Technical Considerations
Optimization challenges
Product Specs
Target Background
KEGG: wsu:WS0555
STRING: 273121.WS0555
Q&A
What is Recombinant Probable rRNA maturation factor (WS0555) and what is its role in ribosome biogenesis?
Recombinant Probable rRNA maturation factor (WS0555), also known by its target name ybeY, is a protein derived from Wolinella succinogenes (strain ATCC 29543 / DSM 1740 / LMG 7466 / NCTC 11488 / FDC 602W). WS0555 plays a crucial role in ribosomal RNA processing and maturation, participating in the complex assembly pathway of functional ribosomes .
The protein functions as a maturation factor that facilitates the proper processing of rRNA precursors, particularly in the formation of the 5S RNP (ribonucleoprotein) complex.

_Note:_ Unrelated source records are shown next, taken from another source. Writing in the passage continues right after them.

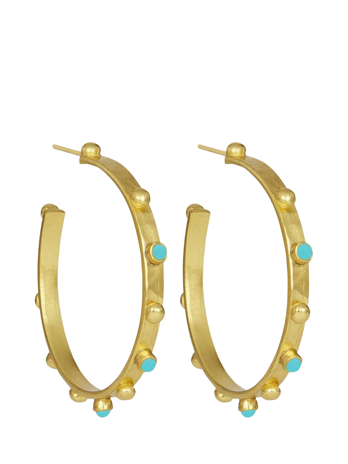 A unique blend of high quality plating and handcrafted details, these large hoop earrings are set with turquoise beads and granulation for added character and will bring a statement touch to your everyday looks. Ear posts are plated on sterling silver. Secured at the back with a butterfly clasp, they are suitable for pierced ears only.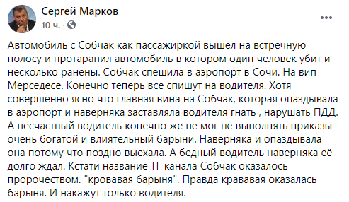 "Автомобиль с Собчак как пассажиркой вышел на встречную полосу и протаранил автомобиль в котором один человек убит и несколько ранены. Собчак спешила в аэропорт в Сочи. На вип Мерседесе. Конечно теперь все спишут на водителя. Хотя совершенно ясно что главная вина на Собчак, которая опаздывала в аэропорт и наверняка заставляла водителя гнать, нарушать ПДД. А несчастный водитель конечно же не мог не выполнять приказы очень богатой и влиятельный барыни. Наверняка и опаздывала она потому что поздно выехала. А бедный водитель наверняка её долго ждал. Кстати название ТГ канала Собчак оказалось пророчеством. "кровавая барыня". Правда кровавая оказалась барыня. И накажут только водителя", - написал в Facebook политолог Сергей Марков.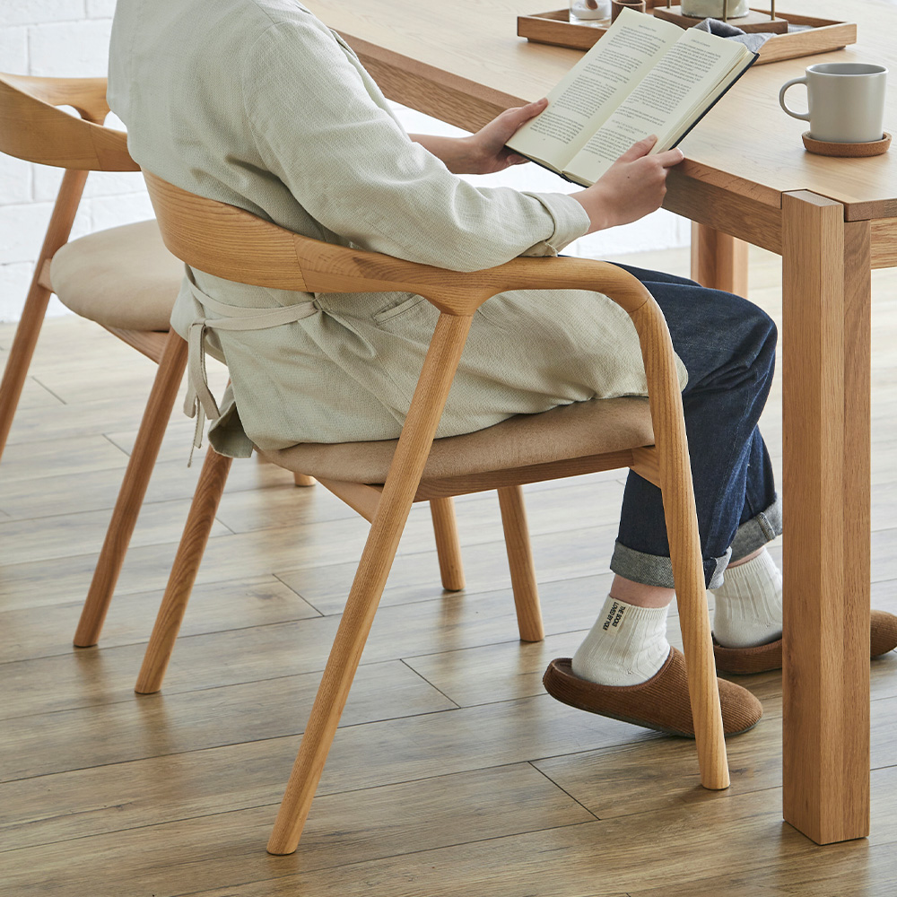 | 美しい曲線が際立つシンプルなフォルム Dining chair Plato(プラト) ファブリック・PVC なめらかな曲線がフィットする北欧テイストのダイニングチェア。 丸いフォルムが特徴のダイニングチェアPlatoにファブリック・PVC座面が登場。落ち着いた木目を持つアッシュ材との組み合わせが上品な印象を与えます。 ■革のような風合いのファブリック生地 張地には、ファブリック生地を使用しました。色ムラやシワ模様を再現した、まるで革のような質感。PVCに比べて、生地が柔らかく通気性があるのが特徴です。 ■上品な質感の「PVC生地」 インテリアに上品さをプラスしてくれる、なめらかで張りのある質感のPVC生地。汚れてもサッと拭くことができるのも魅力です。 ■緩やかな曲線を描いた背もたれと繋がるデザインの肘掛け 背もたれのアーチと肘掛けが一体化したデザインで、お部屋がすっきりとした印象に。肘を置いてリラックスしたり、立ち上がる際の手すりとして使ったりと、機能性に優れています。 ■腰を深くかけられるゆったりサイズの座面設計 奥行き・幅がしっかり確保されているので、男女問わず余裕を持ってお座りいただけます。 ■落ち着いた木目の[アッシュ無垢材]を使用 フレーム部分にはアッシュ無垢材を使用しています。頑丈で変形しにくく、経年変化が少ないのが特徴です。 汚れに強いウレタン塗装を施しています。 ※こちらは、チェア単品の販売となります。 ※若干の個体差によって、表記サイズと完成形のサイズに多少の誤差が生じる場合がございます。 ※こちらの商品は、天然木を使用しております。その為、木の表情や風合いには個体差がございます。節など木の風合いを理由とした返品・交換は対象外となります。 ※職人がひとつひとつ手作業で制作しております。フレームの丸みなどの加工には若干の個体差がございます。 | |

Similar to other rRNA maturation factors, WS0555 is involved in the critical anchoring steps that occur during the transition of pre-ribosomes from the nucleolus to the nucleoplasm, enabling the proper folding of rRNA helices and subsequent assembly of ribosomal subunits .

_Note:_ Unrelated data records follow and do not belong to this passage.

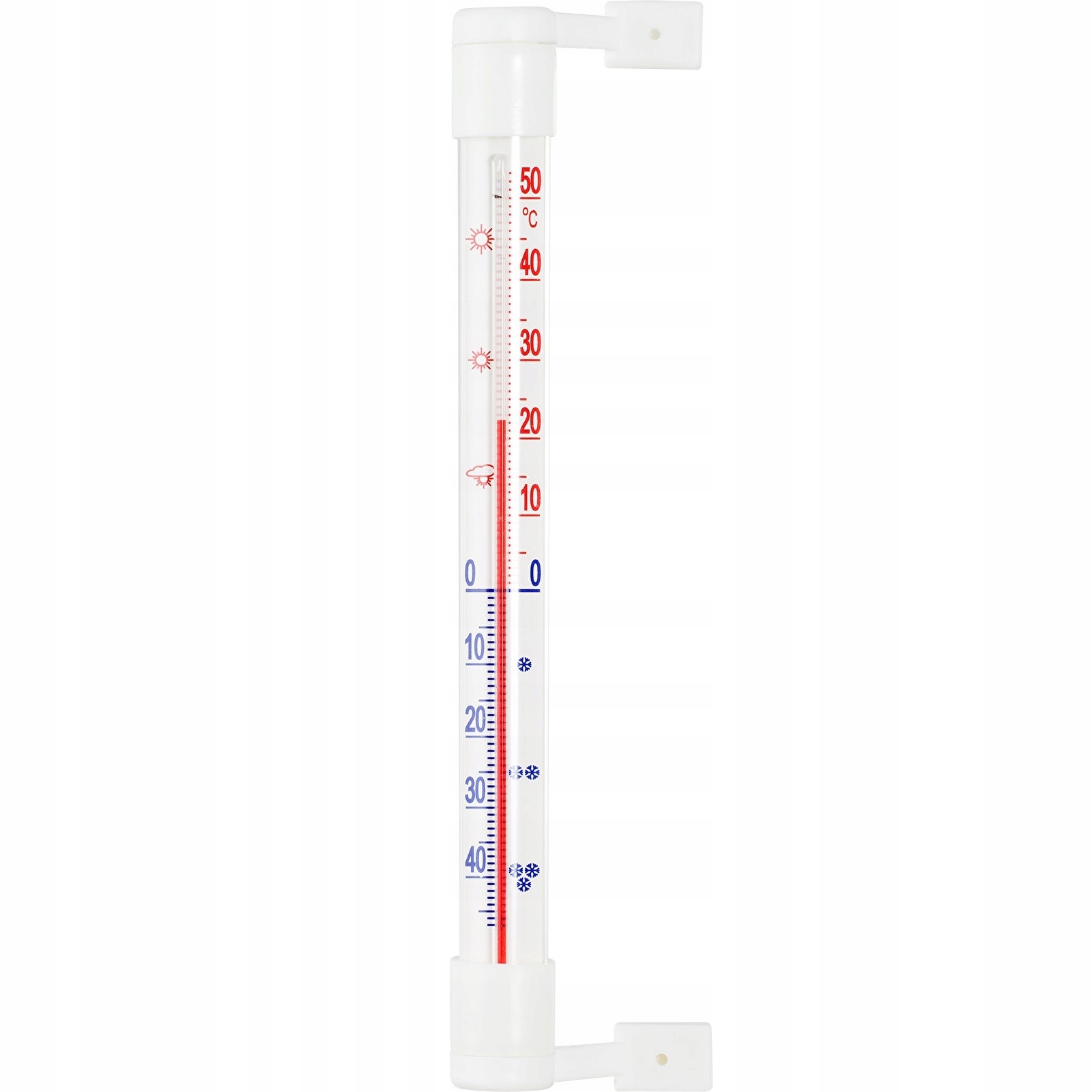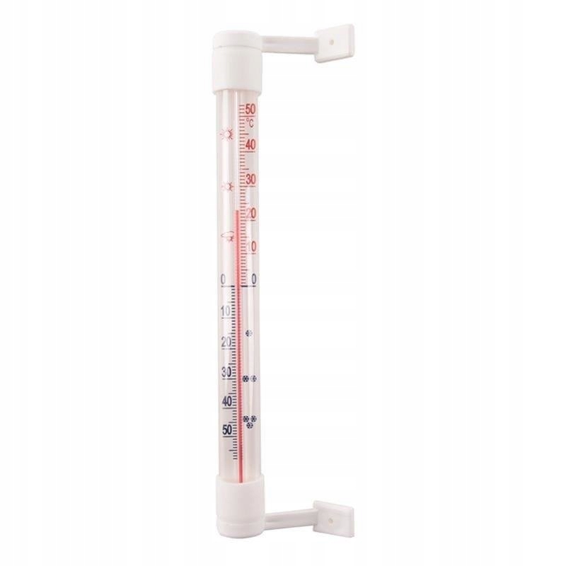 Termometr zaokienny, przykręcany. Skala termometru nadrukowana jest na tekturowej podkładce, umieszczonej w szklanej rurce, z dwóch stron zakończonej plastikowymi korkami. Zakres pomiarowy urządzenia od – 50°C do + 50°C.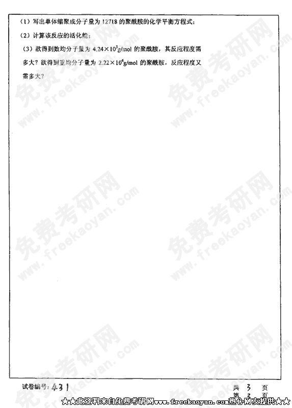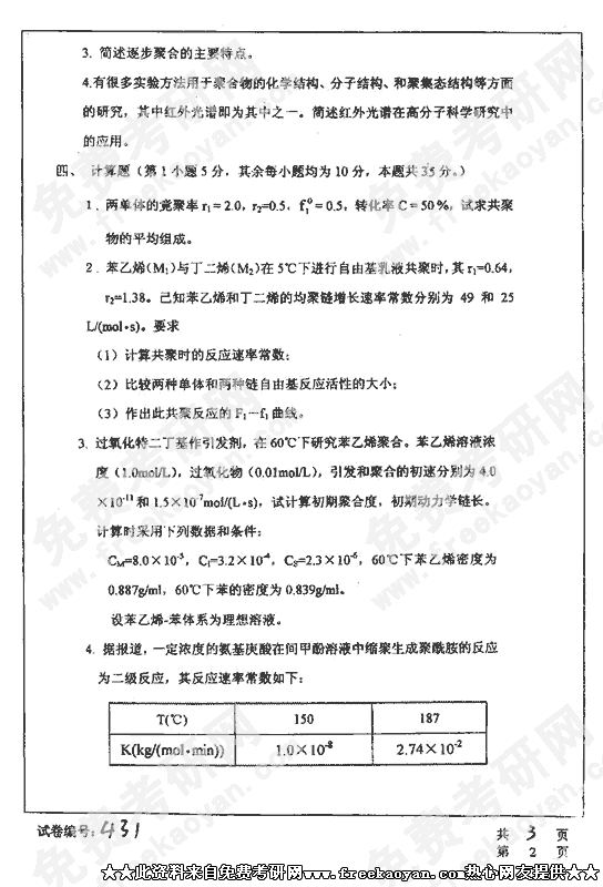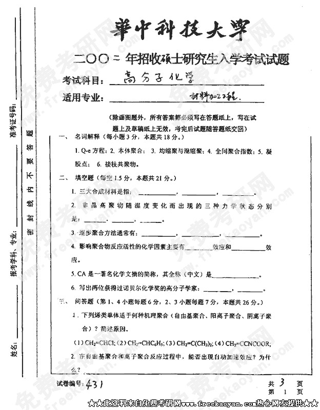 华中科技大学2002年半岛在线注册真题-高分子化学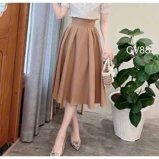 Chân váy xòe dáng dài lưng cao phối vạt bụng trẻ trung che bụng, xòe vặt bụng 2 cúc ốp d68cm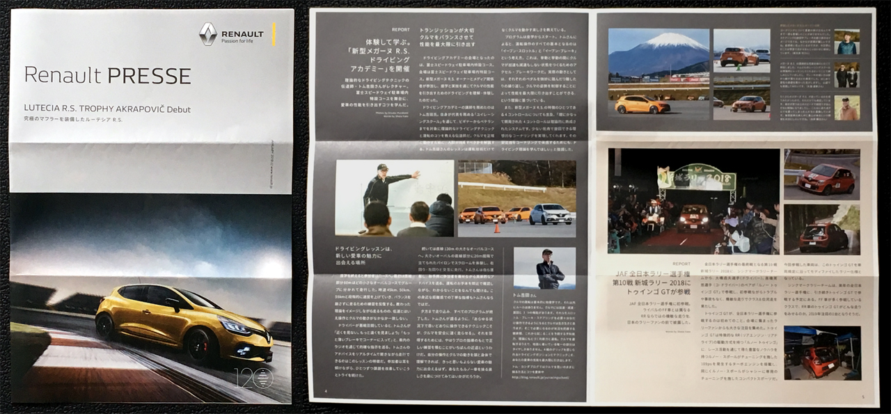ルノープレス1月号に新型メガーヌRSドライビングアカデミーのレポートが載っている

Methodologically, researchers can confirm WS0555's function through complementation assays in knockout strains, where reintroduction of the functional protein should restore proper rRNA processing patterns that can be visualized using Northern blot analysis or RNA sequencing approaches.

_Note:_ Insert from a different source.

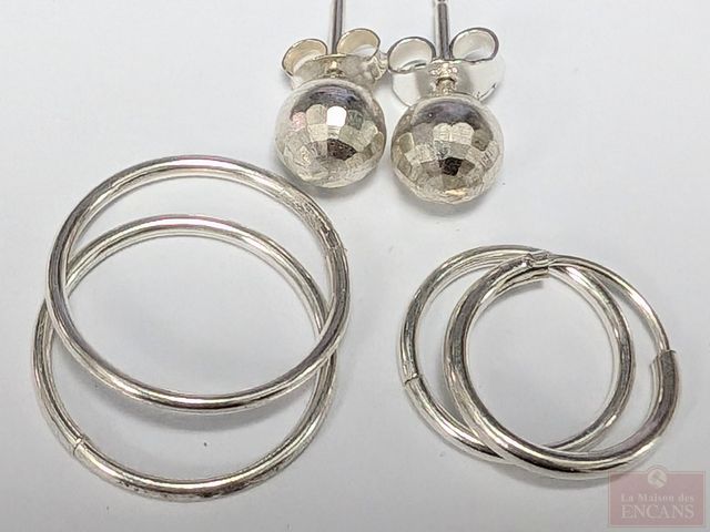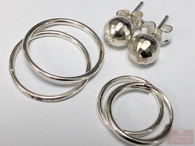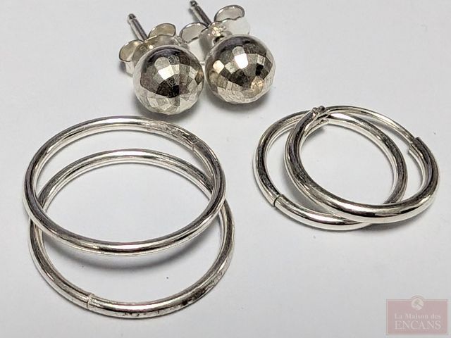 Lot # 188 - Trois paires de boucles d'oreilles en argent

What expression systems are recommended for optimal production of WS0555?
Several expression systems can be utilized for WS0555 production, each with distinct advantages depending on your experimental requirements:
| Expression System | Advantages | Considerations | Recommended Applications |
|---|---|---|---|
| E. coli | High yield, cost-effective, rapid expression | May lack post-translational modifications | Basic biochemical studies, structural analyses |
| Yeast | Eukaryotic post-translational modifications, proper folding | Lower yield than E. coli, longer production time | Functional studies requiring some modifications |
| Mammalian cells | Native-like post-translational modifications, proper folding | Expensive, complex protocols, lower yield | Studies requiring authentic modifications, interaction analyses |
| Insect cells | High yield of complex proteins, post-translational modifications | Requires specialized expertise | Large-scale production of functionally active protein |
E. coli remains the most common system for WS0555 expression, as evidenced in the product specifications . For optimal results, BL21(DE3) strain is frequently employed, though Rosetta-GAMI strains may improve expression of proteins with rare codons .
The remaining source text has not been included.